Source records section start
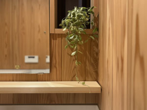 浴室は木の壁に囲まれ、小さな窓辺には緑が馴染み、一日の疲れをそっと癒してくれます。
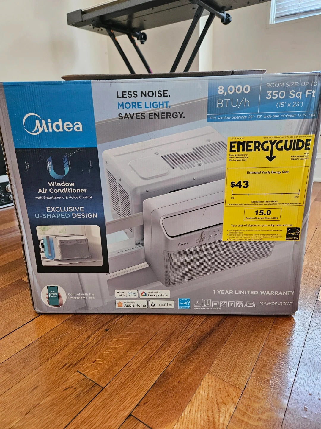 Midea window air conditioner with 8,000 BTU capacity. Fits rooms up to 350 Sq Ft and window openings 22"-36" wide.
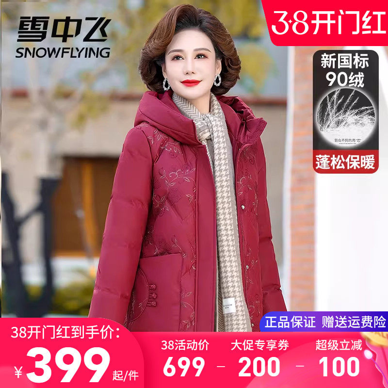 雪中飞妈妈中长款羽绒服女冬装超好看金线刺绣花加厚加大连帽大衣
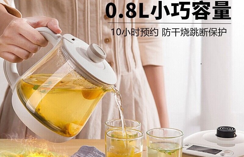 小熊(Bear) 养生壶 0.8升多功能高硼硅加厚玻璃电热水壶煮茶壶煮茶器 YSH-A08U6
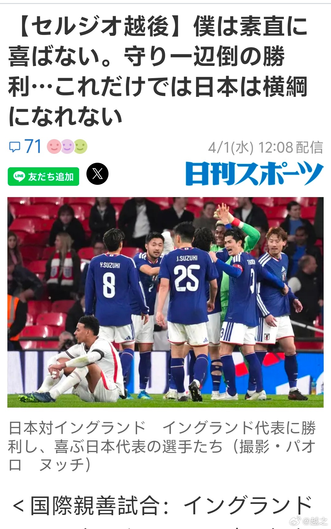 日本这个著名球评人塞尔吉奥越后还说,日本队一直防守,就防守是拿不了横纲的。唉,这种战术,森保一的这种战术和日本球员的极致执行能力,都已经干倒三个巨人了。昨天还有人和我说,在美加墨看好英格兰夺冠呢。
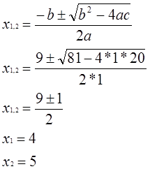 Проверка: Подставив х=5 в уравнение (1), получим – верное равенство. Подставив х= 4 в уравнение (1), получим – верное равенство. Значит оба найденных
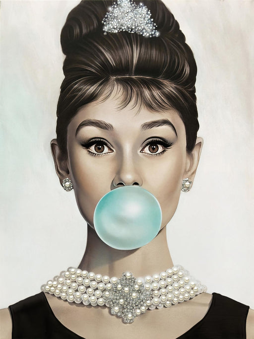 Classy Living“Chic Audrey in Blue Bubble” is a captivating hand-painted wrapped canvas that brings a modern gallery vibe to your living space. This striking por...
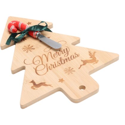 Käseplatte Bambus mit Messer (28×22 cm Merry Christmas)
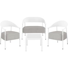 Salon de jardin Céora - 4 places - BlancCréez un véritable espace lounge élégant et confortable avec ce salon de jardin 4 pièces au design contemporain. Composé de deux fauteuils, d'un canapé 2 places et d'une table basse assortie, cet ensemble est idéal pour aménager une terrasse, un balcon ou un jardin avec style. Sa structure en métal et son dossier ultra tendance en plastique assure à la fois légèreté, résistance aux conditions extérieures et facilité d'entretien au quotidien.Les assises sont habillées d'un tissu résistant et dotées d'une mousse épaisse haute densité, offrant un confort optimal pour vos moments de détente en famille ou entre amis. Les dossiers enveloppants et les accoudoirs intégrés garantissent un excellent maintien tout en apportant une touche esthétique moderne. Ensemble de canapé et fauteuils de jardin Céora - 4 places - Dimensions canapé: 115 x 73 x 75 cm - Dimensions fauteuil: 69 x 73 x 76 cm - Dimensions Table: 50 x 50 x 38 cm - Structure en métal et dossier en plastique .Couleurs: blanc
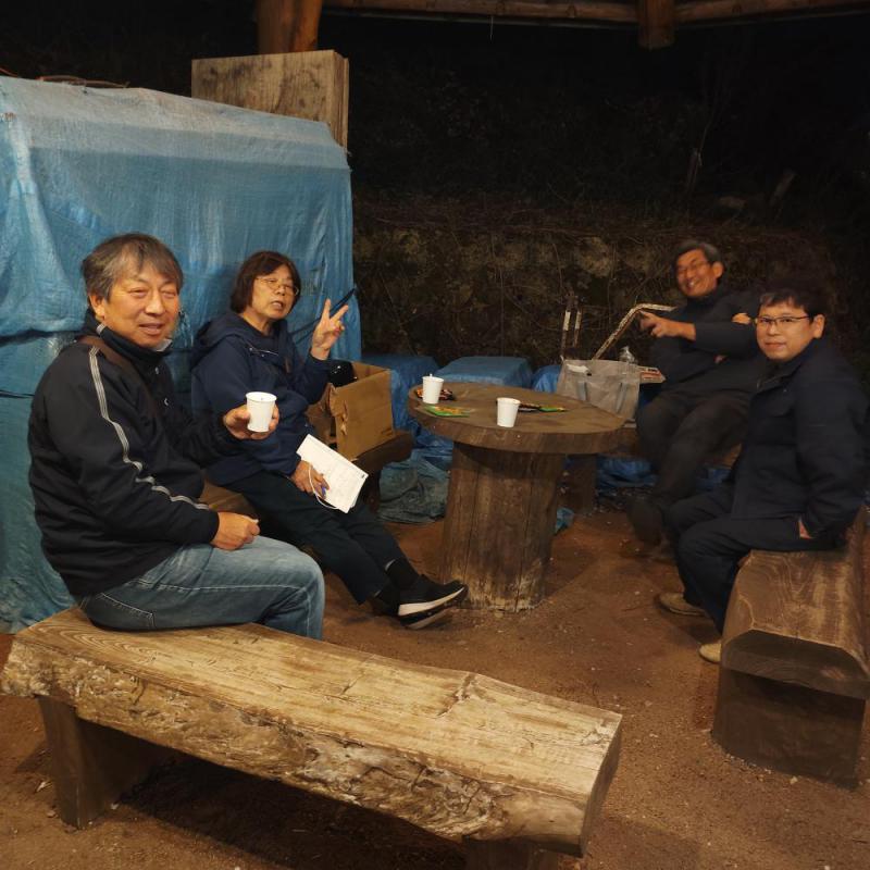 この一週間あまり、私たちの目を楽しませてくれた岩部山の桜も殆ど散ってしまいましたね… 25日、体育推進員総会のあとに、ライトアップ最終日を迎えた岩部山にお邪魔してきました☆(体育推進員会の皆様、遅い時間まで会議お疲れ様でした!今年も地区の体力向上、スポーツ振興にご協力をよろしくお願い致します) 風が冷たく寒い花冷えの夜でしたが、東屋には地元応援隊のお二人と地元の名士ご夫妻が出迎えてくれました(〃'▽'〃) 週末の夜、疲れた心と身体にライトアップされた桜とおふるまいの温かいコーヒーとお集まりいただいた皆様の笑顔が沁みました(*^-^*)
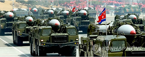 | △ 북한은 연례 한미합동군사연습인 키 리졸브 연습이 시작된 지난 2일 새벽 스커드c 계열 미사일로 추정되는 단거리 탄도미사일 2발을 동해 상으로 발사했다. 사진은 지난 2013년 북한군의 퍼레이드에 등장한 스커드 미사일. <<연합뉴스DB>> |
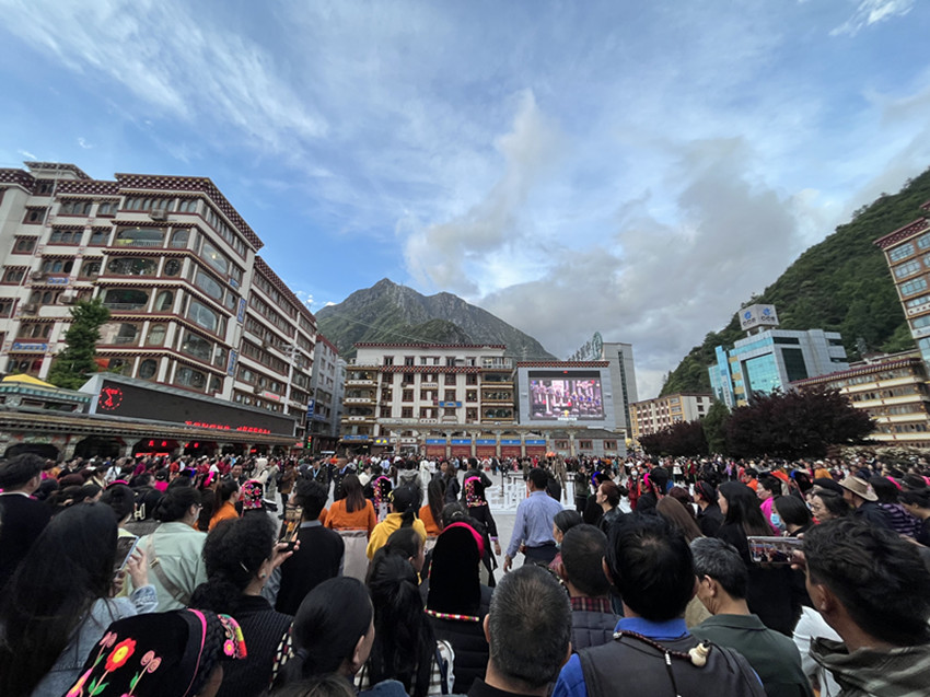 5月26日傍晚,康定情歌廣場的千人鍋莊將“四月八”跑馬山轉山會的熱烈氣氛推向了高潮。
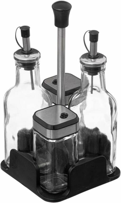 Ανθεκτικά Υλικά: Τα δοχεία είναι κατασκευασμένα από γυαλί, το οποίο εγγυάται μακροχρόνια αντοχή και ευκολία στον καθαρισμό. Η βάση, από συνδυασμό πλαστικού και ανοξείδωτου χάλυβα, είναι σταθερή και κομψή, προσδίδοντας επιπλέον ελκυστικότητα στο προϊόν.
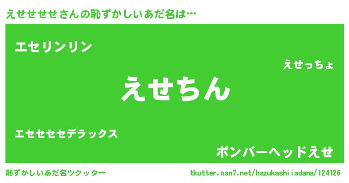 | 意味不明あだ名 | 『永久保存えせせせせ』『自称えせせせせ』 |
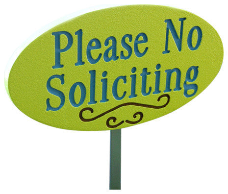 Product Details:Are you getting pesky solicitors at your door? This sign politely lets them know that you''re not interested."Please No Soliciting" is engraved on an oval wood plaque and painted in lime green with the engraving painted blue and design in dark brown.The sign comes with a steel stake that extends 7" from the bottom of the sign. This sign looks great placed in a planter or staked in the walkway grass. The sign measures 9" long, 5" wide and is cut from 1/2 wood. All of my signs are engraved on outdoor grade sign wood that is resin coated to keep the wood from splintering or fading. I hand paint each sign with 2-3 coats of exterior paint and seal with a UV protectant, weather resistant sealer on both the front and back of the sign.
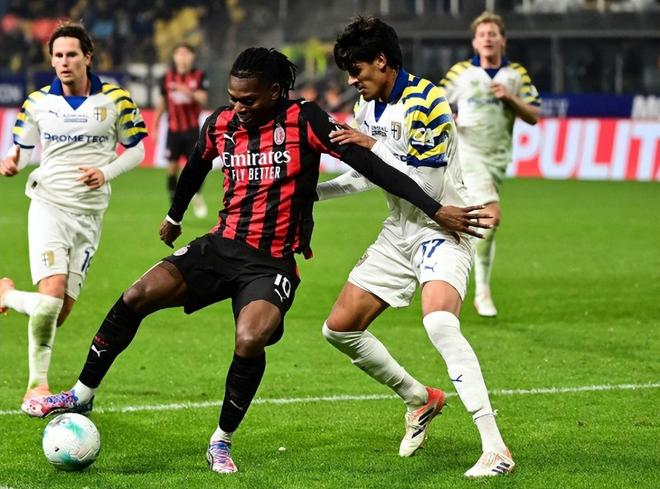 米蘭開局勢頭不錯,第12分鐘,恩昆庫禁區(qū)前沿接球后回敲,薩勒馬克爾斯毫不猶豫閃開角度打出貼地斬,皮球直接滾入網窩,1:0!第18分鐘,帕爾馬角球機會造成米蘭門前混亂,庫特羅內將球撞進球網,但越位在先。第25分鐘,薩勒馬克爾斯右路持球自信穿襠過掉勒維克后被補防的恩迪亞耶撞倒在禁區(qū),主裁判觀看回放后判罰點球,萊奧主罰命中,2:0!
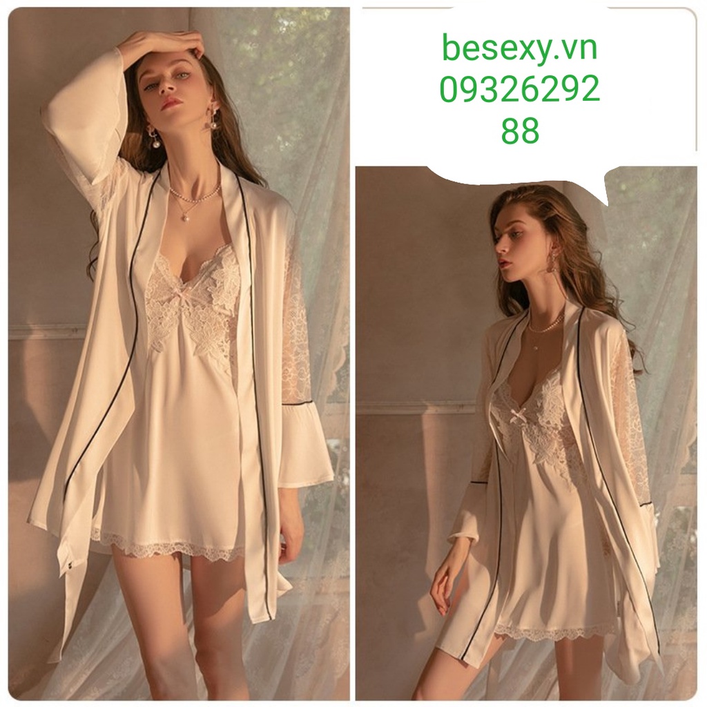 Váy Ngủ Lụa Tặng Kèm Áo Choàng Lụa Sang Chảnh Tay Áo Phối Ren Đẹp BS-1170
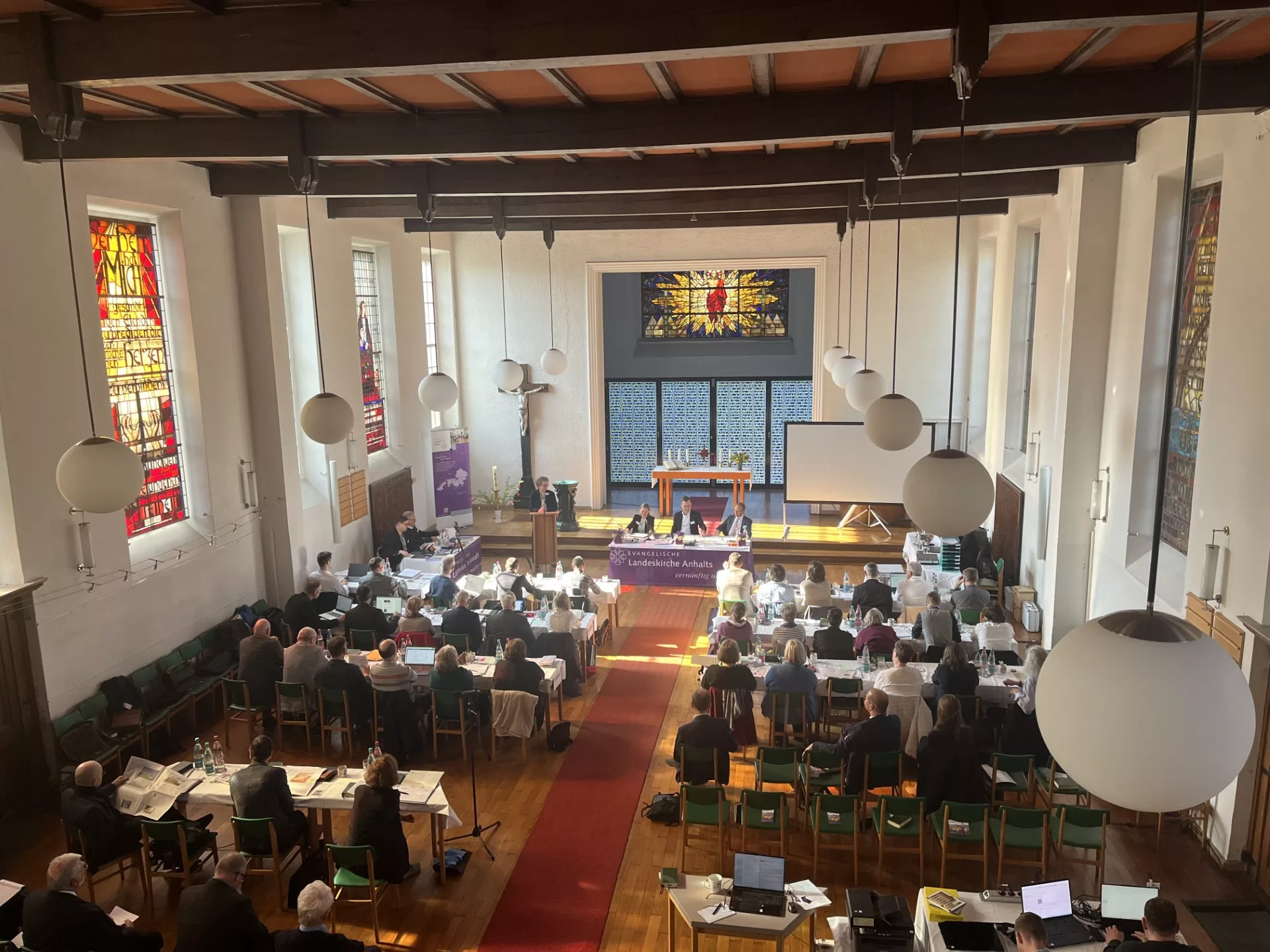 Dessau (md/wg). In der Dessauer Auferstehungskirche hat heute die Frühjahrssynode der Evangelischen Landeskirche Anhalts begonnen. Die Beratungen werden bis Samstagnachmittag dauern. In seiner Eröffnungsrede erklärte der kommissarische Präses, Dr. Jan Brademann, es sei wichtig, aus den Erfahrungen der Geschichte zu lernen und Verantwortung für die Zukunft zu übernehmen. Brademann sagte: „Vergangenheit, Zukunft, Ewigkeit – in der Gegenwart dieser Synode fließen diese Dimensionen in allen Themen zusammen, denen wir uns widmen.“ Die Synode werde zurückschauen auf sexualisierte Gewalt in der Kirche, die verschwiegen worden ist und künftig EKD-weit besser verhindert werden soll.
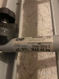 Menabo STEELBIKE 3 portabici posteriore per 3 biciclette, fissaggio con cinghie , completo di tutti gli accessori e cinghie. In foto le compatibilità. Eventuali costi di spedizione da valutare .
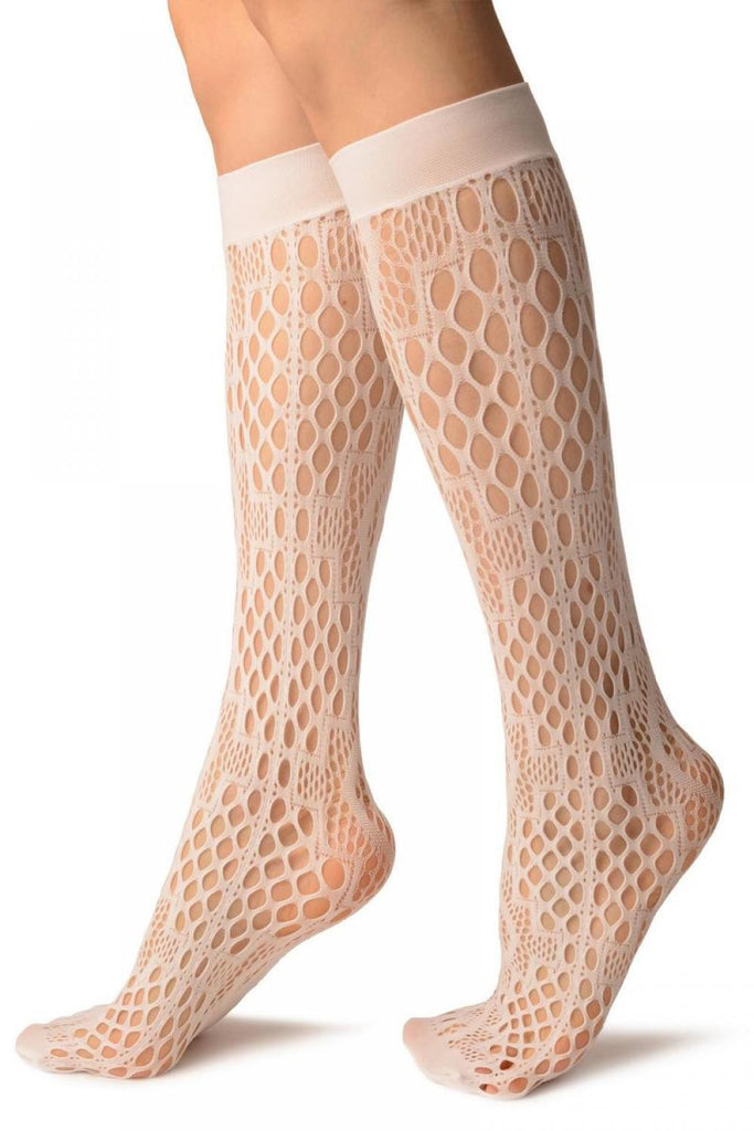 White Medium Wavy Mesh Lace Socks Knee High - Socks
Source records section end
■ **Activity**: Since the pictures are not wanted, copy only the text of the records above, exactly.

■ **Answer section**:
 浴室は木の壁に囲まれ、小さな窓辺には緑が馴染み、一日の疲れをそっと癒してくれます。
 Midea window air conditioner with 8,000 BTU capacity. Fits rooms up to 350 Sq Ft and window openings 22"-36" wide.
 雪中飞妈妈中长款羽绒服女冬装超好看金线刺绣花加厚加大连帽大衣
 小熊(Bear) 养生壶 0.8升多功能高硼硅加厚玻璃电热水壶煮茶壶煮茶器 YSH-A08U6
 日本这个著名球评人塞尔吉奥越后还说,日本队一直防守,就防守是拿不了横纲的。唉,这种战术,森保一的这种战术和日本球员的极致执行能力,都已经干倒三个巨人了。昨天还有人和我说,在美加墨看好英格兰夺冠呢。
 Проверка: Подставив х=5 в уравнение (1), получим – верное равенство. Подставив х= 4 в уравнение (1), получим – верное равенство. Значит оба найденных
 Classy Living“Chic Audrey in Blue Bubble” is a captivating hand-painted wrapped canvas that brings a modern gallery vibe to your living space. This striking por...
 Käseplatte Bambus mit Messer (28×22 cm Merry Christmas)
 Salon de jardin Céora - 4 places - BlancCréez un véritable espace lounge élégant et confortable avec ce salon de jardin 4 pièces au design contemporain. Composé de deux fauteuils, d'un canapé 2 places et d'une table basse assortie, cet ensemble est idéal pour aménager une terrasse, un balcon ou un jardin avec style. Sa structure en métal et son dossier ultra tendance en plastique assure à la fois légèreté, résistance aux conditions extérieures et facilité d'entretien au quotidien.Les assises sont habillées d'un tissu résistant et dotées d'une mousse épaisse haute densité, offrant un confort optimal pour vos moments de détente en famille ou entre amis. Les dossiers enveloppants et les accoudoirs intégrés garantissent un excellent maintien tout en apportant une touche esthétique moderne. Ensemble de canapé et fauteuils de jardin Céora - 4 places - Dimensions canapé: 115 x 73 x 75 cm - Dimensions fauteuil: 69 x 73 x 76 cm - Dimensions Table: 50 x 50 x 38 cm - Structure en métal et dossier en plastique .Couleurs: blanc
 この一週間あまり、私たちの目を楽しませてくれた岩部山の桜も殆ど散ってしまいましたね… 25日、体育推進員総会のあとに、ライトアップ最終日を迎えた岩部山にお邪魔してきました☆(体育推進員会の皆様、遅い時間まで会議お疲れ様でした!今年も地区の体力向上、スポーツ振興にご協力をよろしくお願い致します) 風が冷たく寒い花冷えの夜でしたが、東屋には地元応援隊のお二人と地元の名士ご夫妻が出迎えてくれました(〃'▽'〃) 週末の夜、疲れた心と身体にライトアップされた桜とおふるまいの温かいコーヒーとお集まりいただいた皆様の笑顔が沁みました(*^-^*)
 | △ 북한은 연례 한미합동군사연습인 키 리졸브 연습이 시작된 지난 2일 새벽 스커드c 계열 미사일로 추정되는 단거리 탄도미사일 2발을 동해 상으로 발사했다. 사진은 지난 2013년 북한군의 퍼레이드에 등장한 스커드 미사일. <<연합뉴스DB>> |
 5月26日傍晚,康定情歌廣場的千人鍋莊將“四月八”跑馬山轉山會的熱烈氣氛推向了高潮。
 Ανθεκτικά Υλικά: Τα δοχεία είναι κατασκευασμένα από γυαλί, το οποίο εγγυάται μακροχρόνια αντοχή και ευκολία στον καθαρισμό. Η βάση, από συνδυασμό πλαστικού και ανοξείδωτου χάλυβα, είναι σταθερή και κομψή, προσδίδοντας επιπλέον ελκυστικότητα στο προϊόν.
 | 意味不明あだ名 | 『永久保存えせせせせ』『自称えせせせせ』 |
 Product Details:Are you getting pesky solicitors at your door? This sign politely lets them know that you''re not interested."Please No Soliciting" is engraved on an oval wood plaque and painted in lime green with the engraving painted blue and design in dark brown.The sign comes with a steel stake that extends 7" from the bottom of the sign. This sign looks great placed in a planter or staked in the walkway grass. The sign measures 9" long, 5" wide and is cut from 1/2 wood. All of my signs are engraved on outdoor grade sign wood that is resin coated to keep the wood from splintering or fading. I hand paint each sign with 2-3 coats of exterior paint and seal with a UV protectant, weather resistant sealer on both the front and back of the sign.
 米蘭開局勢頭不錯,第12分鐘,恩昆庫禁區(qū)前沿接球后回敲,薩勒馬克爾斯毫不猶豫閃開角度打出貼地斬,皮球直接滾入網窩,1:0!第18分鐘,帕爾馬角球機會造成米蘭門前混亂,庫特羅內將球撞進球網,但越位在先。第25分鐘,薩勒馬克爾斯右路持球自信穿襠過掉勒維克后被補防的恩迪亞耶撞倒在禁區(qū),主裁判觀看回放后判罰點球,萊奧主罰命中,2:0!
 Váy Ngủ Lụa Tặng Kèm Áo Choàng Lụa Sang Chảnh Tay Áo Phối Ren Đẹp BS-1170
 Dessau (md/wg). In der Dessauer Auferstehungskirche hat heute die Frühjahrssynode der Evangelischen Landeskirche Anhalts begonnen. Die Beratungen werden bis Samstagnachmittag dauern. In seiner Eröffnungsrede erklärte der kommissarische Präses, Dr. Jan Brademann, es sei wichtig, aus den Erfahrungen der Geschichte zu lernen und Verantwortung für die Zukunft zu übernehmen. Brademann sagte: „Vergangenheit, Zukunft, Ewigkeit – in der Gegenwart dieser Synode fließen diese Dimensionen in allen Themen zusammen, denen wir uns widmen.“ Die Synode werde zurückschauen auf sexualisierte Gewalt in der Kirche, die verschwiegen worden ist und künftig EKD-weit besser verhindert werden soll.
 Menabo STEELBIKE 3 portabici posteriore per 3 biciclette, fissaggio con cinghie , completo di tutti gli accessori e cinghie. In foto le compatibilità. Eventuali costi di spedizione da valutare .
 White Medium Wavy Mesh Lace Socks Knee High - Socks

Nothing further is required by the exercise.